Quentin Tarantino’s Goddess of Go-Go

Ms. Basil winnowed out the good dancers — “who could twist, who could jerk, who could pony?” Her first rule: no sneakers. “I auditioned some heavy hip-hop people — they couldn’t handle it,” she said. “The ’60s was leather soles and a wooden floor. That’s why the twist, the simplest dance, was such a sensation. Everyone could do it. They just swivel their feet and the upper body fell naturally in the opposite direction.”

Fifteen people were selected to be Playboy bunnies, circulating at the party. But after five hours of filming, Ms. Basil said, Mr. Tarantino had an idea: What if they danced?

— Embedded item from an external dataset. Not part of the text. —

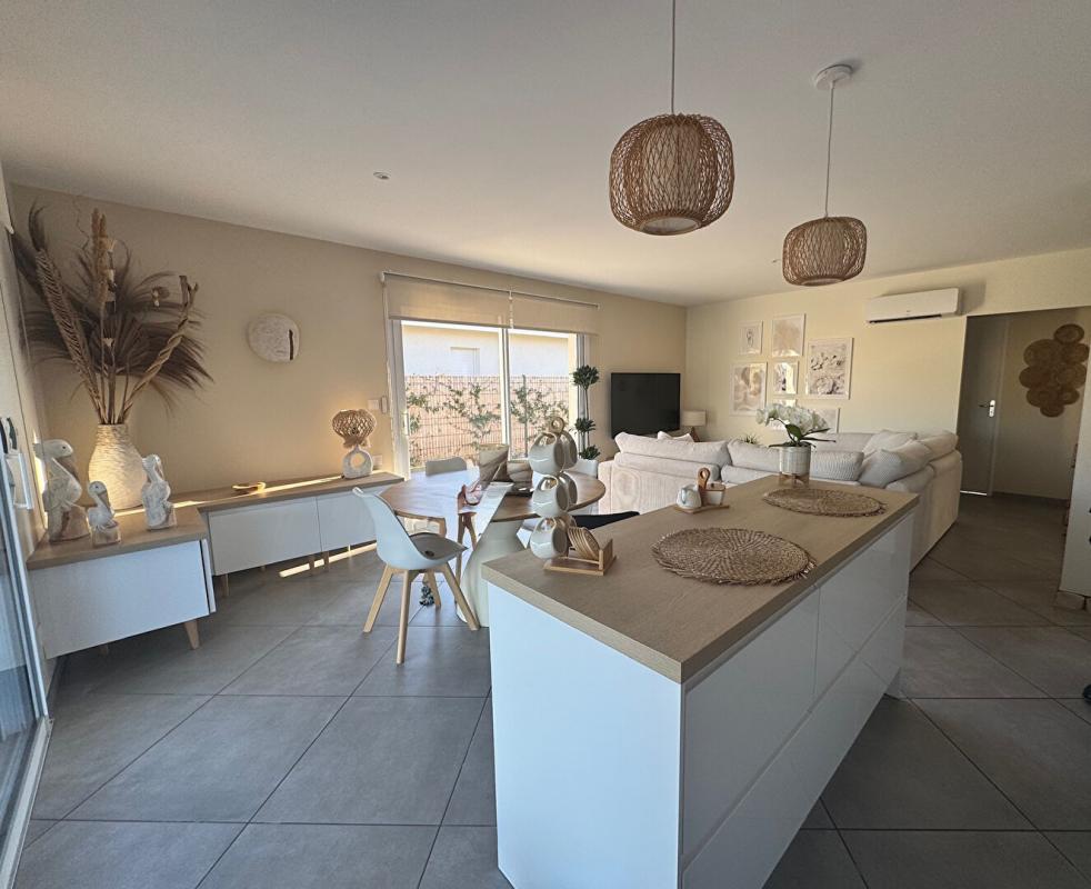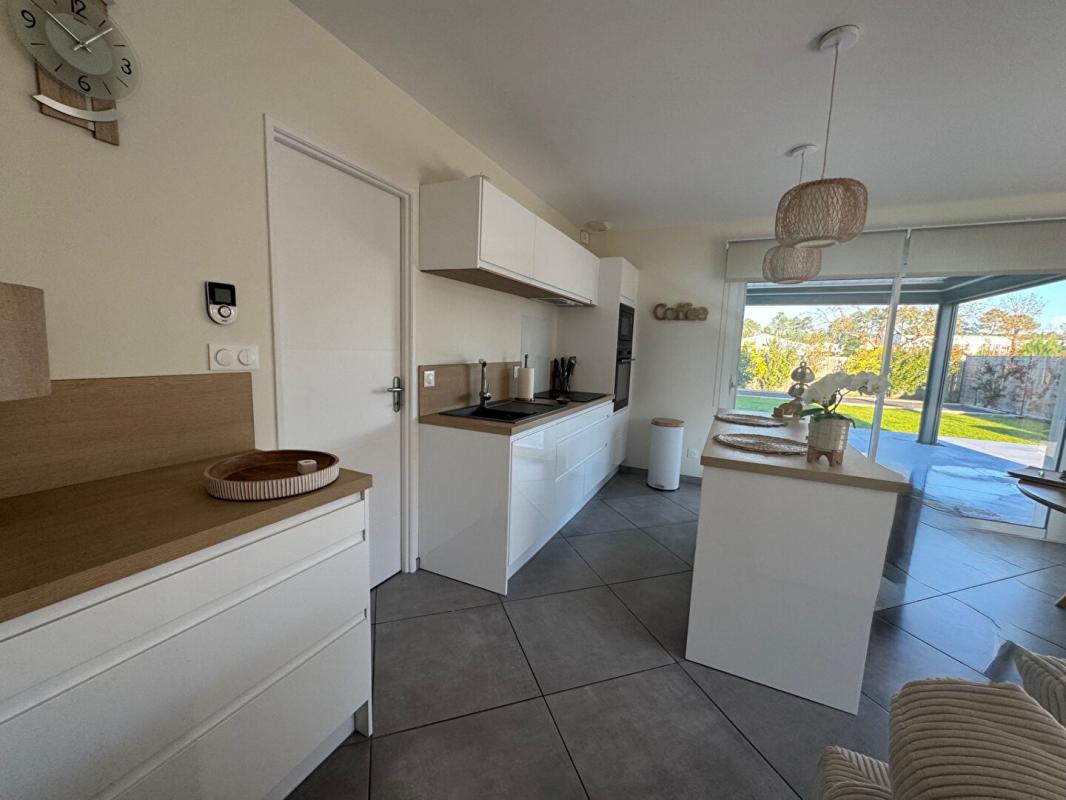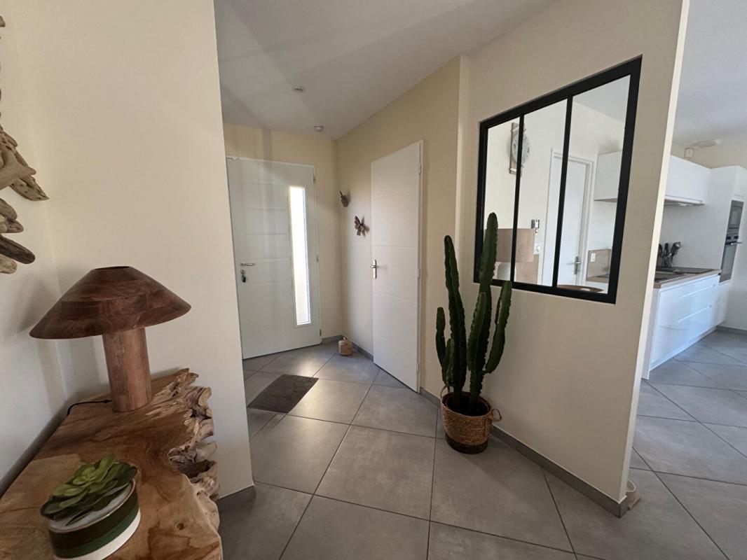 Cette superbe maison contemporaine à la décoration soignée, achevée en 2022 (sous assurance dommage/ouvrage), se compose d'une entrée avec placard, une pièce de vie lumineuse comprenant un séjour, une salle à manger, une cuisine US équipée, une arrière cuisine aménagée à l'image de la cuisine (avec point d'eau) et un wc séparé.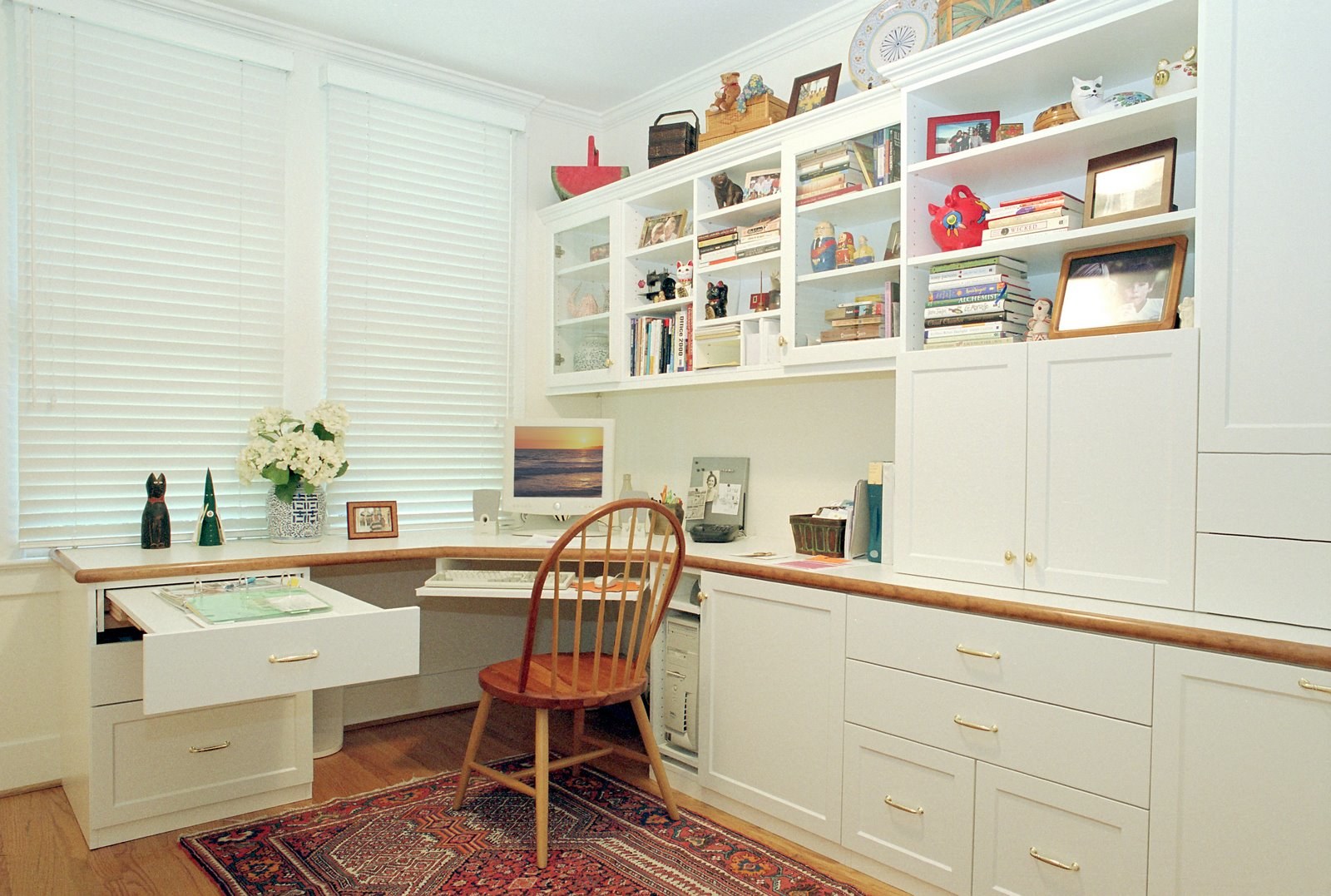 При выборе письменного стола необходимо учитывать несколько факторов. Для занятий, требующих сильного естественного освещения, можно поставить стол лицом к окну. Планировка стола для более легкой учебной деятельности может быть обращена к стене с окном сбоку и увенчана различными полками. Представительная стойка для приема гостей обращена в сторону от окна и расположена ближе к центру комнаты.

Ms. Basil was tasked on the spot with creating a dance for four of the extras. Mr. Tarantino put them on apple boxes so they could be seen, but they were still behind a throng of dancing partygoers. “I knew it couldn’t be the pony, it couldn’t be the twist,” Ms. Basil said. “It had to be the jerk — the dance that is from the waist up.”

She worked quickly, constructing a movement chain from the go-go playbook. “These are nondancers,” she said. “They’re nervous. They’re learning unison in a bunny costume, in high heels, on boxes. Cameras are waiting. You instruct your strongest girl: ‘You call out the steps under your breath — like a ventriloquist, ‘Do the jerk, change, lasso arms, change.’”

Before the ’60s, Ms. Basil said, social dance “was partnering; it was the jitterbug.” But in the ’60s, partners split apart: “Freedom — what the ’60s were about.” Now, with dancers no longer holding hands, “arms started to dance,” she said, and the jerk, the swim, and the hitchhike appeared, each a dance for gesticulating arms.